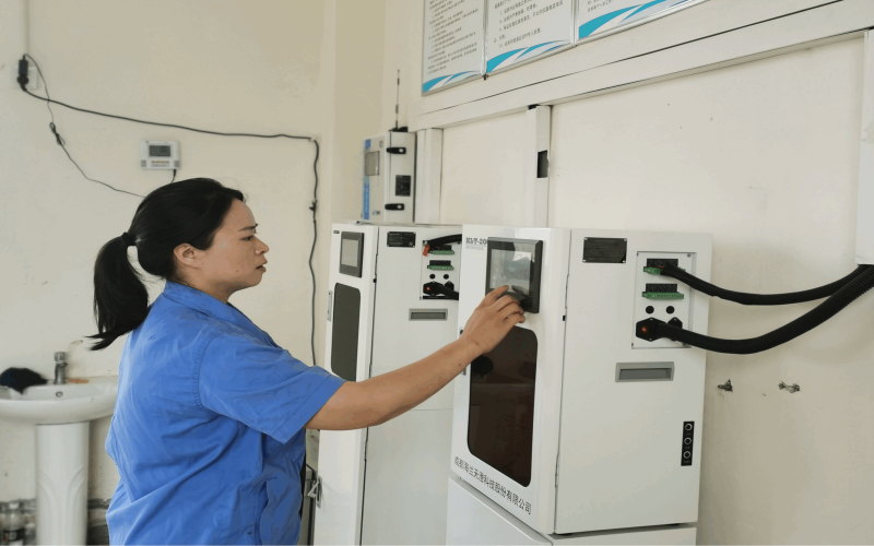 為了確保各個環(huán)節(jié)污水檢測指標正常,李紅每隔2小時就對進出口在線監(jiān)測室的在線設備、各類藥劑進行巡視,查看數(shù)據(jù)是否上傳成功,及時處理應急突發(fā)問題。水廠占地達130畝,一遍巡視下來就會花上1小時左右。當進口取樣管堵塞時,她帶領班組成員積極協(xié)助維修科等工作人員對取樣設備進行清理。為了減少進口監(jiān)測設備吸到雜質(zhì)堵塞檢測設備的管路,她每隔1-2小時還要對進水取樣口篩網(wǎng)進行沖洗,從來不怕臟、不怕累。
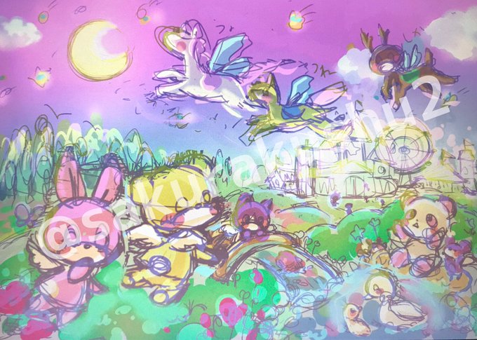 背景の描きこみ中! キラキラも描き加えてみたり✨
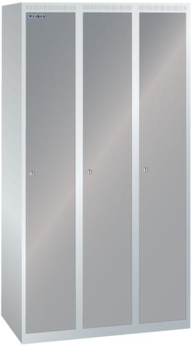"longDescription": "LISTA Garderobenschrank, BxTxH: 900x500x1700mm, Anzahl Abteile: 3, Abteilbreite: 300mm, Ausstattung: je Abteil mit 1-flügeliger Vollblech-Tür einschlagend, Oberfläche glatt (1 Abteil veschliessend), 1 Hutboden, 1 Kleiderstange mit je 3 verschiebbaren Kleiderhaken, 1 Handtuchhalter, ohne Unterbau, Schliessart: Zylinderschloss, Farbe Gehäuse: Lichtgrau RAL 7035, Farbe Türen: Taubengrau NCS S 4502-B. Höchste Stabilität durch in Drehbolzen gelagerte, rechts angeschlagene Flügeltüren mit Verstärkungstasche für mehr Einbruchsicherheit. Durchdachte Belüftung mit Belüftungsschlitzen an Gehäusedeckel und -boden. Optimale Hygiene dank glatter Abteilböden ohne Aufkantung für eine gründliche Reinigung der Abteile. Schutz vor Verschmutzung und Korrosion durch zusätzlich zur Pulverbeschichtung verzinkten Unterbau mit Sockel gegen Verschmutzungen unter dem Schrank oder Füssen für Feuchträume<br>",
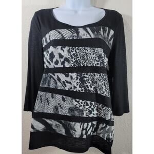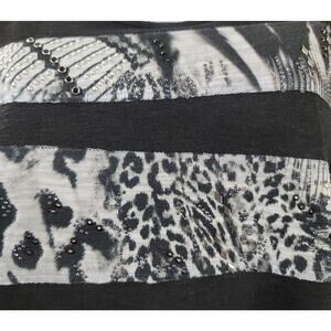 Chico's Black Gray Animal Print Beading Top 1 Medium New Without Tags Soft
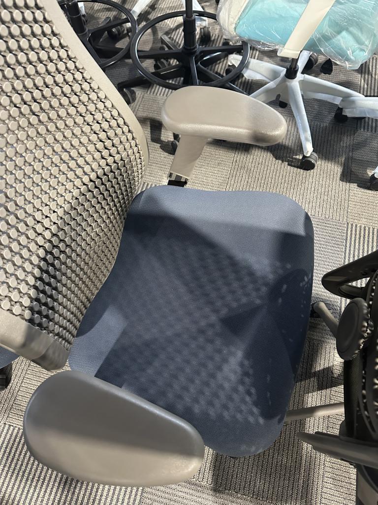 Description Herman Miller Celle Office Chair W/ Blue Fabric Seat and Gray Back Arms Adjustable Up/Down and Side to Side Chair Goes Up and Down Tension Control On Seat Tilt Control Seat adjustable Front To Back Built in Adjustable Back Support 50 Like This Available Please Note We Have These in Multiple Different Colors Will Do Discount Shipping on Multiples Shipping is High Because to ship this chair it takes not one but two boxes Used Chairs , Comes w normal wear and tear but in overall good working condition
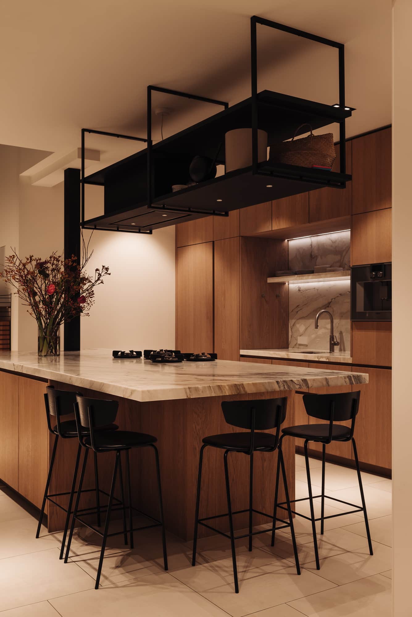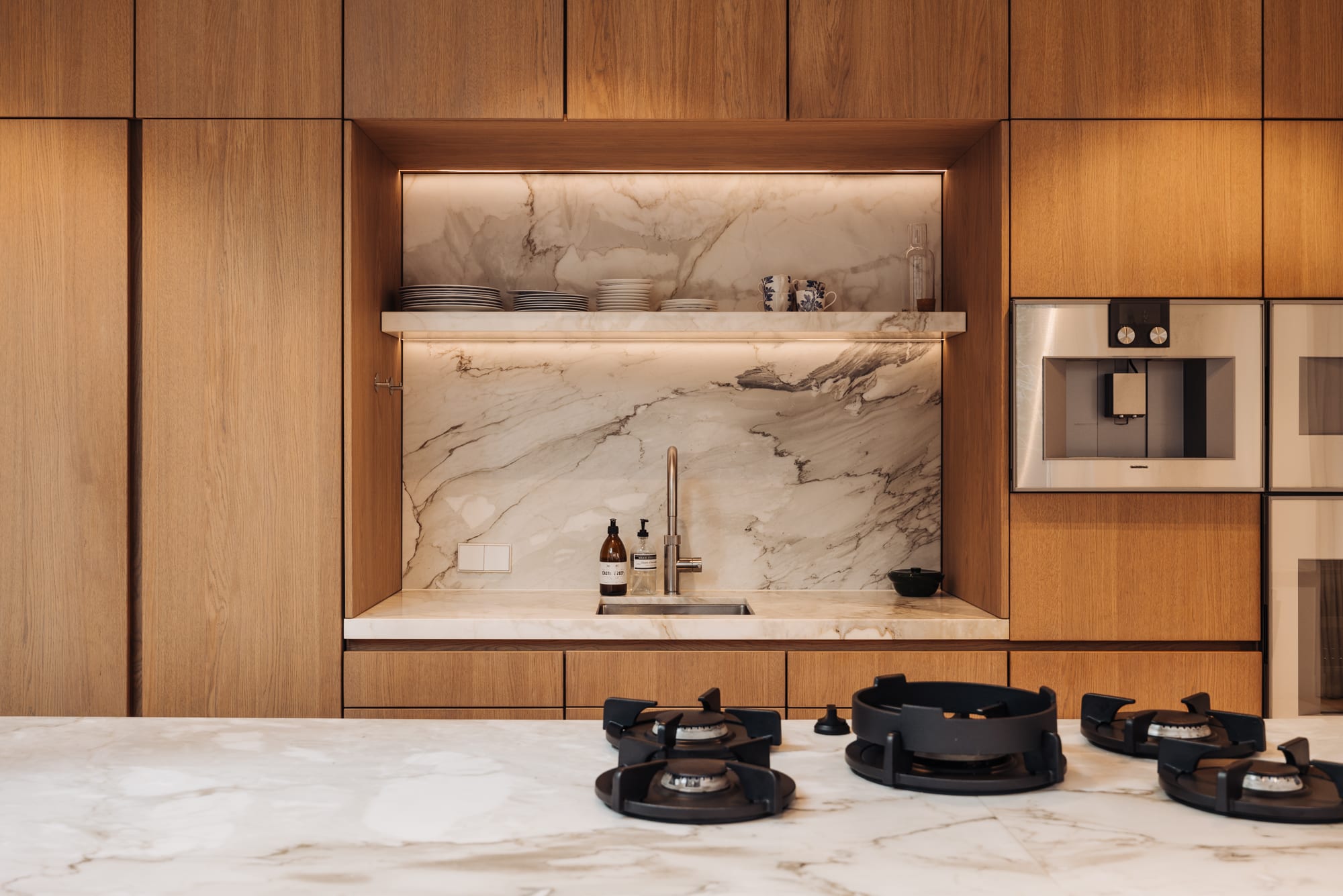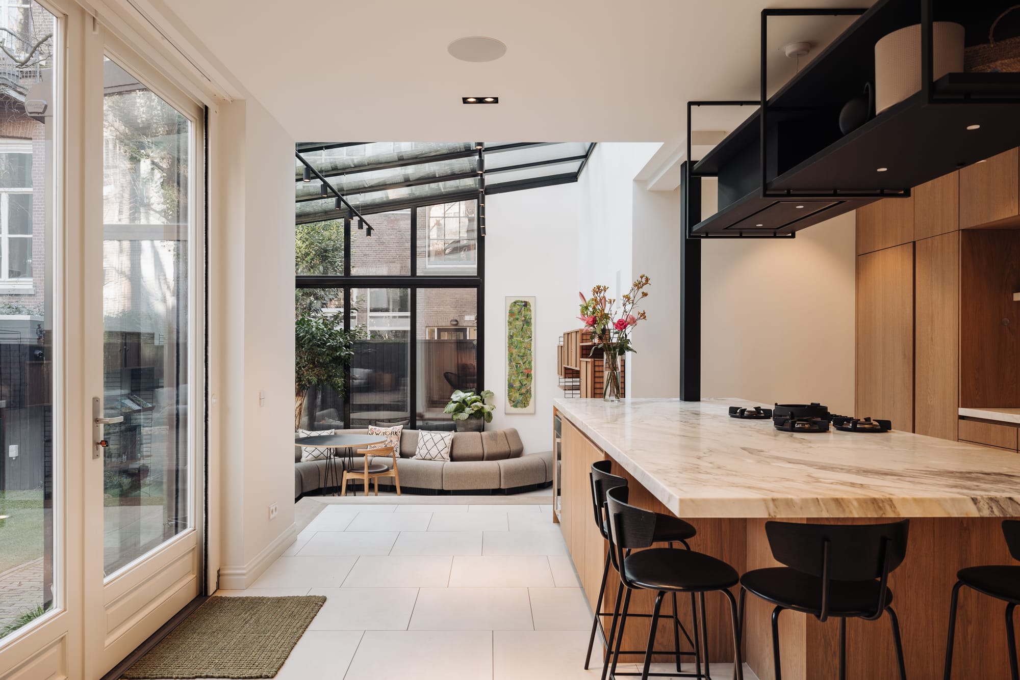 Als u het huis binnenloopt, wordt u vervoerd van de drukte van een van de meest prestigieuze straten van Amsterdam naar uw eigen privé-toevluchtsoord badend in licht en warmte. De eerste verdieping omvat een goede entreehal met op maat gemaakte inbouwapparatuur, een uitnodigend en licht atrium met half bad, meerdere woon- en eetruimtes, een gezellige gashaard en een schitterende serre met kamerhoge ramen (ook op de plafond!) die naast de keuken zit en perfect is voor het ontvangen van gasten of het kijken naar de kinderen tijdens het koken. Op dit niveau dient de oogverblindende keuken als middelpunt en biedt open toegang tot woon-, eet- en serre. Daarnaast heeft u toegang tot de prachtig aangelegde tuin via hoge openslaande deuren bij het extra grote kookeiland, gemaakt van puur marmer. De keuken is geschikt voor een koning en is voorzien van roestvrijstalen Gaggenau-apparaten en een grote oven, koelkast en gasfornuis, wat een zeldzaamheid is in Amsterdam. Er zijn twee vaatwassers voor het gemak, een overvloed aan opbergruimte onder de kasten en een chique wijnkoelkast, allemaal perfect voor een feestje.
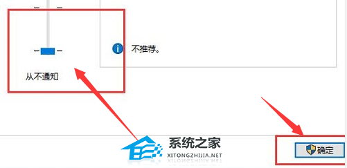 3、然后将窗口左侧中的滑块滑动到最底部“从不通知”处,最后点击右下角的“确定”就可以了。
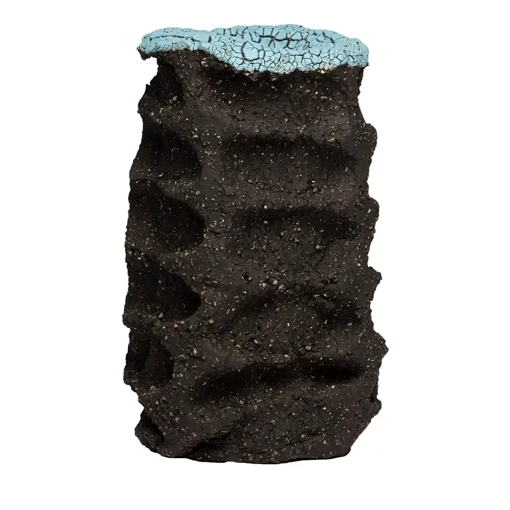 A reactive glazing technique creates an intriguing surface effect on our Vulca Mini Vase. Playing with proportion and texture, the stoneware piece tapers to a point, making it ideal for a single stem. Style it solo or group in clusters to create a unique floral or decorative arrangement.
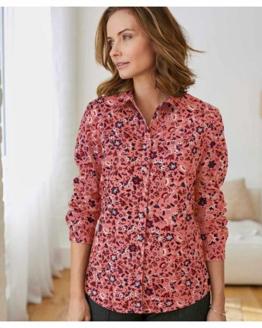 Damart Chemisiers, Tuniques | Femme Chemisier Fleuri En Flanelle Rose Imprimé
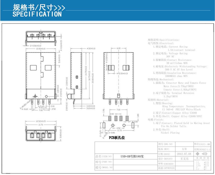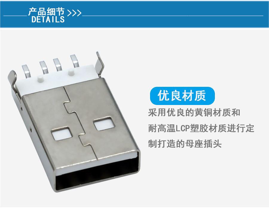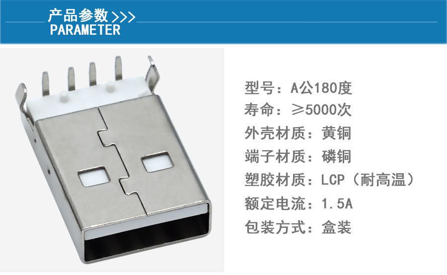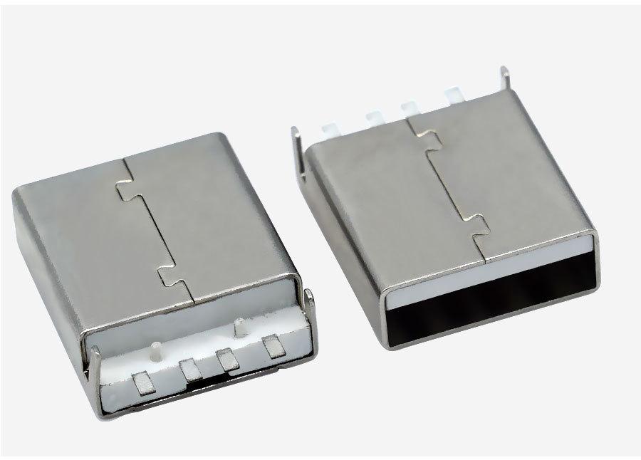 Conector USB A macho directo de fábrica AM90 grados con base doblada a 180 grados directamente en conector USB macho
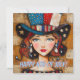 Um feliz cartão do quarto de julho. A frente diz: Feliz 4 de julho. As costas dizem: "Tenha um tempo maravilhoso." Esta é uma placa plana, de dois lados.
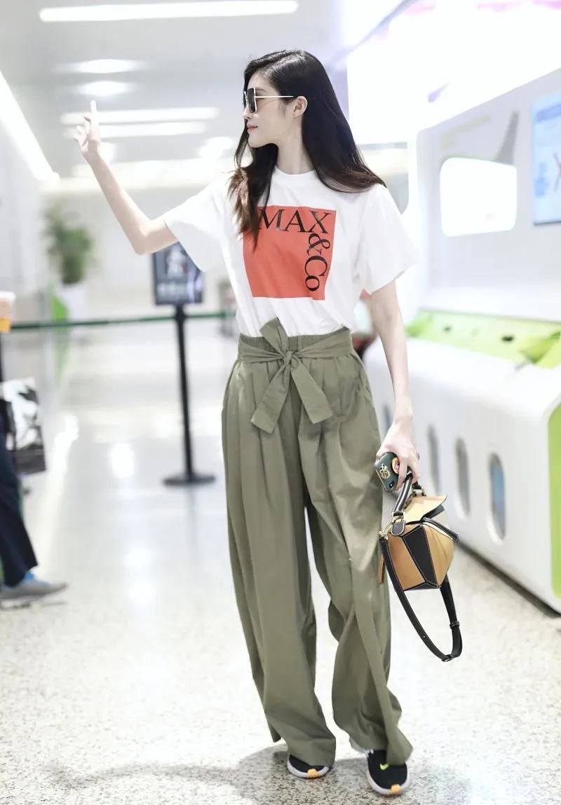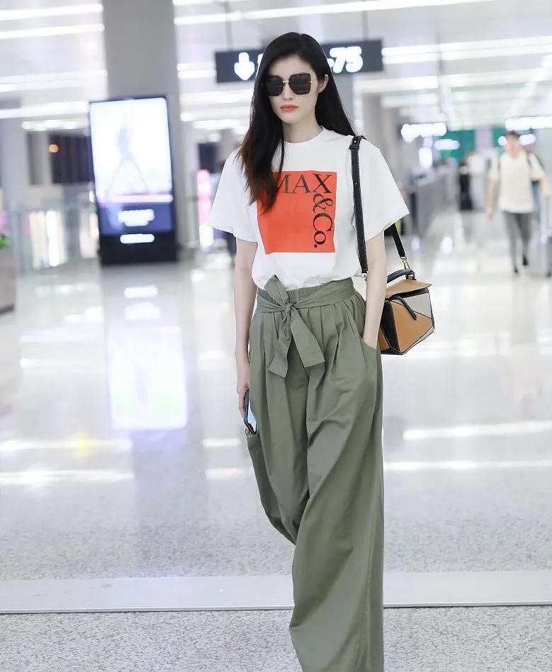 何穗机场私服太会了!✨ 超模何穗的日常穿搭就是行走的穿搭教科书! 白色印花T

──────────────────────────────

▶ [To do]: Write out exactly the lines from the one containing "Um feliz cartão" through the end of the entries, both included. Pictures are not copied.

▶ [Reply to the task]:
 Um feliz cartão do quarto de julho. A frente diz: Feliz 4 de julho. As costas dizem: "Tenha um tempo maravilhoso." Esta é uma placa plana, de dois lados.
 何穗机场私服太会了!✨ 超模何穗的日常穿搭就是行走的穿搭教科书! 白色印花T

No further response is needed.